Avant dire droit sur les autres chefs du jugement, elle a :
- ordonné la réouverture des débats pour permettre à la société GE Money Bank de faire connaître ses observations sur le moyen relevé d'office du caractère abusif de la clause prévoyant la subrogation du prêteur dans la réserve de propriété du vendeur en application des dispositions de l'article 1250, 1° du Code civil, dans sa rédaction antérieure à celle issue de l'ordonnance n° 2016-131 du 10 février 2016 et de la clause autorisant ce même prêteur à réaliser le bien repris, sans permettre à l'emprunteur de présenter lui-même un acheteur faisant une offre ;
- dit que la société GE Money Bank disposerait pour présenter ses observations sur ce point d'un délai expirant le 15 août 2019 ;
- dit que l'affaire serait de nouveau évoquée à l'audience de plaidoirie du mercredi 11 septembre 2019 à 9 heures 15 ;
- sursis à statuer sur les autres demandes et réservé les dépens.

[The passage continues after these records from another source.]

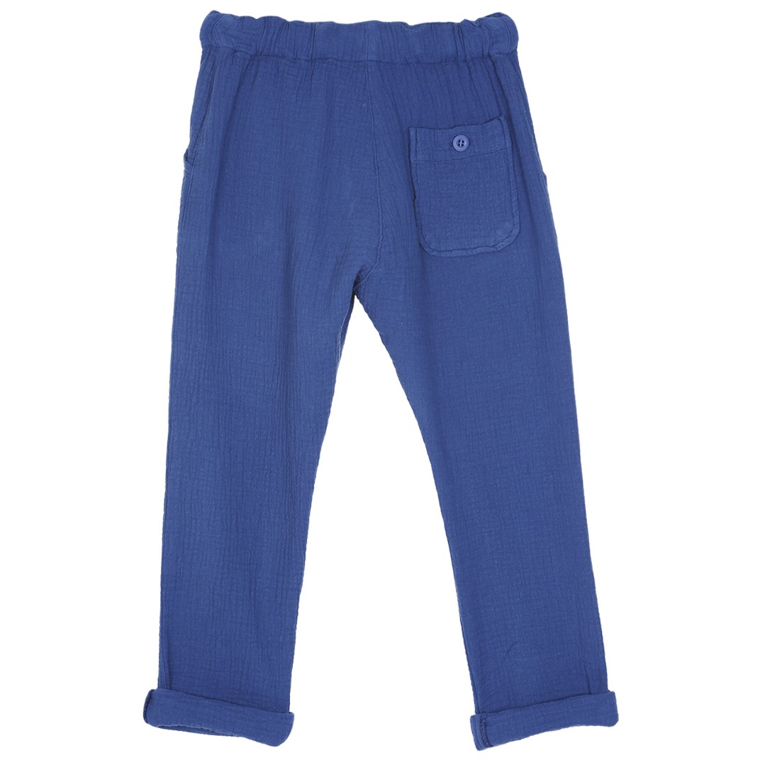 Брюки из хлопка синего цвета. Форма саруэля, мягкая струящаяся и не требующая особого ухода ткань, ширинка на пуговицах и регулируемый эластичный пояс с лентой из хлопкового твила в тон делают эти брюки базовыми в гардеробе. В дополнение к 2 накладным карманам спереди, у них также есть 1 накладной карман на пуговицах сзади.Производство: ПОРТУГАЛИЯ
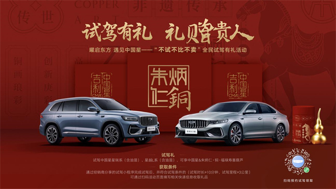 即日起至12月31日,針對購買中國星星瑞全系、星越L全系用戶,每月將在第三方檢測機構的監督與公證下,抽取300名幸運用戶免費贈送中國星東方曜限量定制款MEIZU 22手機。此外,吉利中國星還攜手中國非遺銅雕文創品牌——朱炳仁·銅,發起“試駕有禮,禮贈貴人” 不試不比不賣全民試駕有禮活動,到店試駕中國星星瑞、星越L系列車型,即可獲贈由“朱炳仁·銅”匠心打造的【福祿壽喜葫蘆掛件】一份。
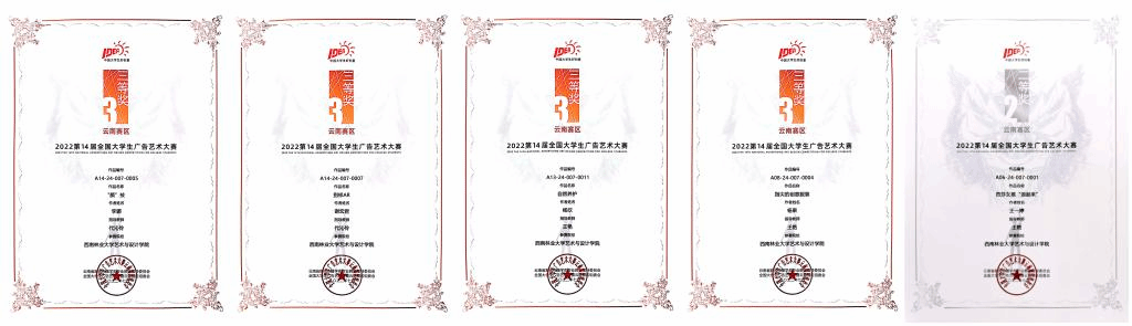 近日,2022年(第14届)全国大学生广告艺术大赛成绩公布,米兰艺术与设计学院学生的参赛作品获得云南赛区二等奖1项、三等奖4项、优秀奖12项。
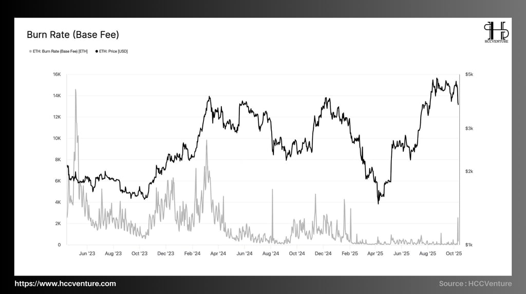 Khi mạng tắc nghẽn, base fee tăng sẽ đẩy Burn Rate lên (đã từng >70k ETH/ngày), chuyển nhanh cân bằng cung sang giảm phát ròng trong ngắn hạn. Hiện trạng phí rẻ đặt nền tảng mở rộng người dùng, tạo dư địa cho một chu kỳ đốt phí “theo cầu” khi hoạt động bùng nổ.
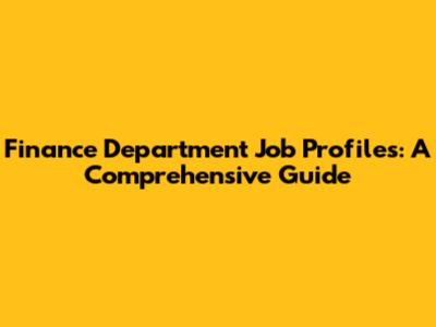 Finance Department Job Profiles: A Comprehensive Guide
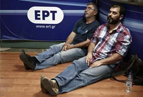 Protesters sleep inside the Greek state television ERT headquarters
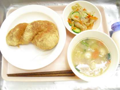 今日の給食「きなこあげぱん・白玉スープ・こんにゃくサラダ・牛乳」
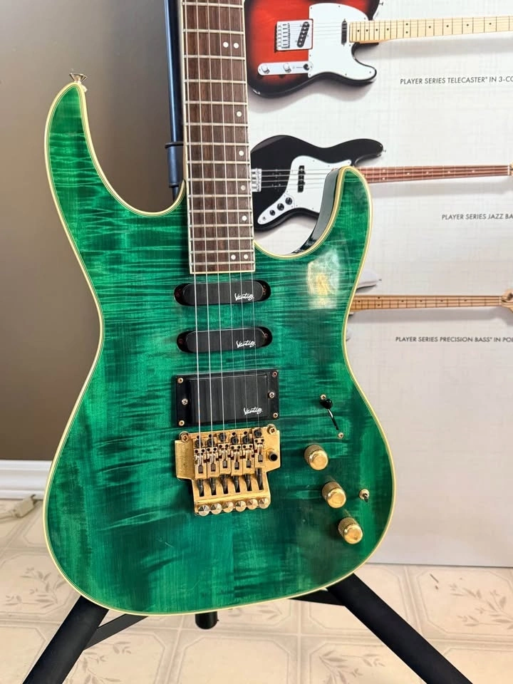 Vantage 818GDT electric guitar from the early 1990s, finished in a stunning Transparent Green flame top. These guitars were handcrafted in Korea during a period when Vantage was producing very solid, well-built instruments with excellent attention to detail.
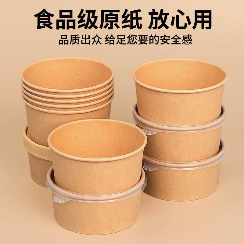 牛皮纸打包盒一次性纸碗饭碗野餐盒沙拉碗纸饭盒外送快餐盒商用
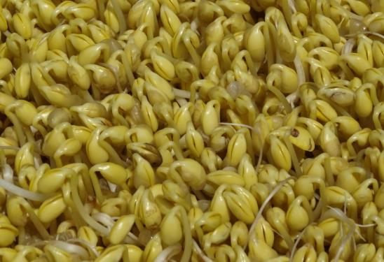 将选好的大豆进行清理,然后用温水浸泡8个小时左右,水温在15摄氏度比较合适,所以建议可以在夏季进行浸泡,将浸泡好的豆子直接捞出来晾干,然后用温水再进行清洗,就可以直接将豆子放在泥盆中进行种植。种植好之后,需要用旧的棉被或者棉布将泥盆盖住,以达到保暖催芽的效果。在催芽的前期,尽量每隔1~5个小时翻动一次,直到豆子萌芽才不做翻动。在此过程中也要观察豆芽的生长情况,如果豆子发干没有水分,那要及时补充水分。
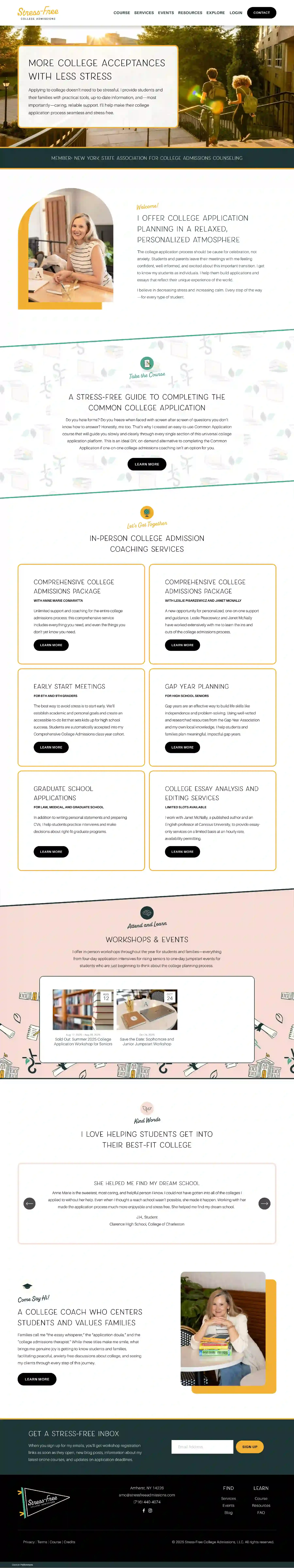 Anne Marie Comaratta is the talent behind Stress Free College Admissions, a consultancy that provides high school students and their families with practical tools, up-to-date information, and support as they go through the college application process. Her goal? To make the process seamless and—you guessed it—stress free.
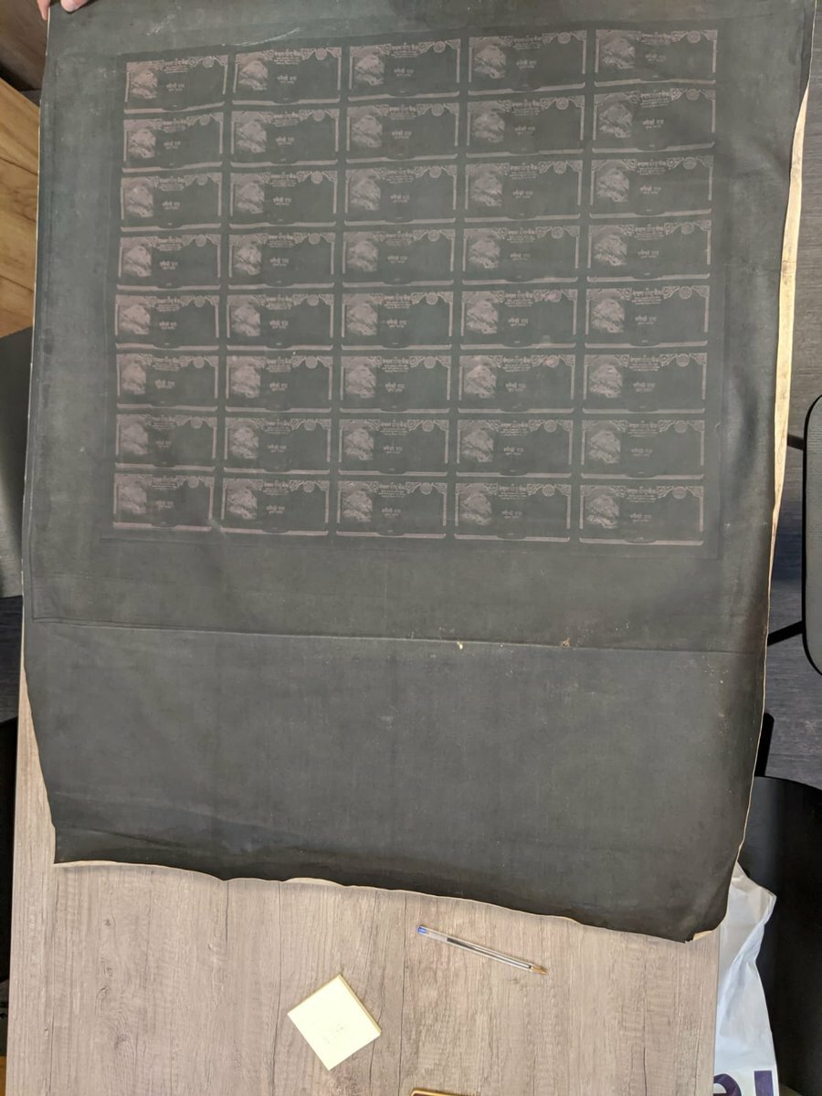 Nepal Rastra Bank, a Nasik press, intaglio security blanket for the issue of obverse 10 rupees ND (2008-10), heavy linen type material with imprint of a sheet of 10 rupee
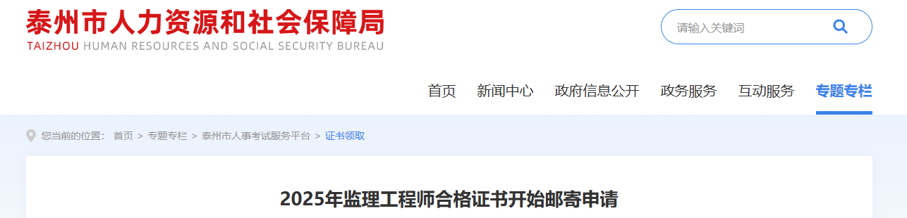 9月10日,泰州市人力资源社会保障局发布了“2025年监理工程师合格证书开始邮寄申请”的通知,考生可按照要求,进行邮寄申请。
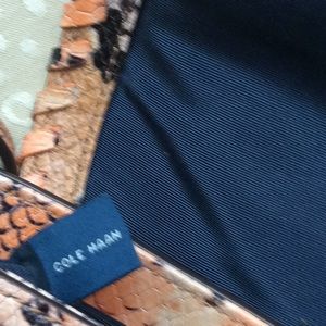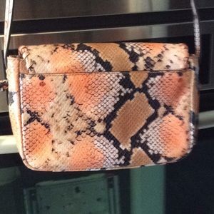 A Cole Haan python design leather bag. It has one outside pocket.There are 6 credit card slot under the flap that has a magnetic closure.There are two inside pockets one with a zipper closure.It has a long shoulder strap.
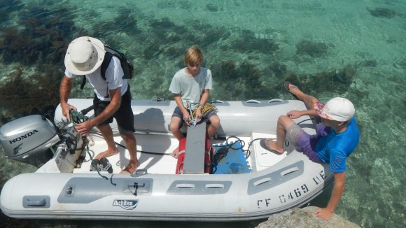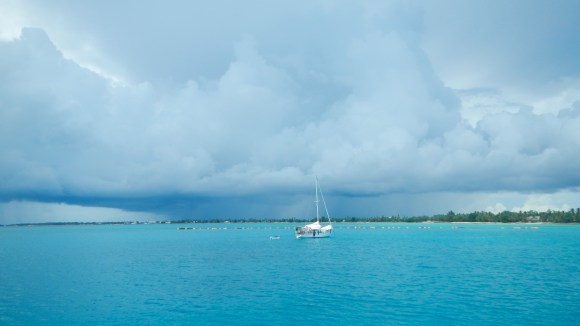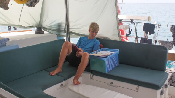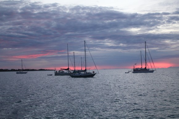Most of the boats in the fleet here (we are 9 total now!) have moved down to anchor in the southern end of the lagoon to get away from the “big city” for a couple days. We’ve met a lovely couple from Sweden who cruised with their 3 boys when they were younger, and they organized a bonfire on the beach yesterday. They were going in to get the fire started, and they radioed to see if the boys would like to come help. I thought it was a very nice gesture, and I all of a sudden realized how important it is for the boys to have time with people without Tim and I around, so they can forge their own relationships. No, it’s not other kids, but there’s no reason they can’t get to know the adults too. Alex was happy to take his machete and get coconuts for everyone. After about 45 minutes they came back to get Tim to join the party too, while I stayed on board to enjoy the boat to myself. In case you were wondering, yes, I did walk around naked in the rain. Just because I could.

Par conclusions transmises au greffe de la cour le 2 août 2019, la société Négociations achat créances contentieuses, ci-après dénommée la société NACC, qui expose venir aux droits de la société GE Money Bank, devenue My Money Bank, en vertu d'une cession de créance intervenue le 25 juin 2019, observe que le moyen soulevé d'office par la cour résulte d'un avis de la Cour de cassation du 28 novembre 2016 et rappelle en conséquence le caractère facultatif dudit avis. Elle fait valoir ensuite que le contrat de crédit litigieux ayant été consenti le 21 mars 2012, il ne saurait lui être reproché de n'avoir pas anticipé un avis simplement consultatif rendu plusieurs années après la rédaction et la signature du contrat alors qu'elle a fait une parfaite application de l'article 1250 1° du Code civil en vigueur au jour de la conclusion du contrat et de l'avis de la Commission des clauses abusives n° 05-04 émis le 23 juin 2005 et que nul ne saurait restreindre le droit de propriété absolu acquis par le prêteur avec l'accord exprès de l'emprunteur plusieurs années après la conclusion du contrat de prêt. Elle prétend que la clause de subrogation litigieuse est en tout état de cause dans l'intérêt de l'emprunteur dès lors que si elle est autorisée à reprendre le véhicule, celui-ci pourra être vendu et le fruit de la vente s'inscrira en déduction de la dette de Monsieur X à l'égard de la société de crédit.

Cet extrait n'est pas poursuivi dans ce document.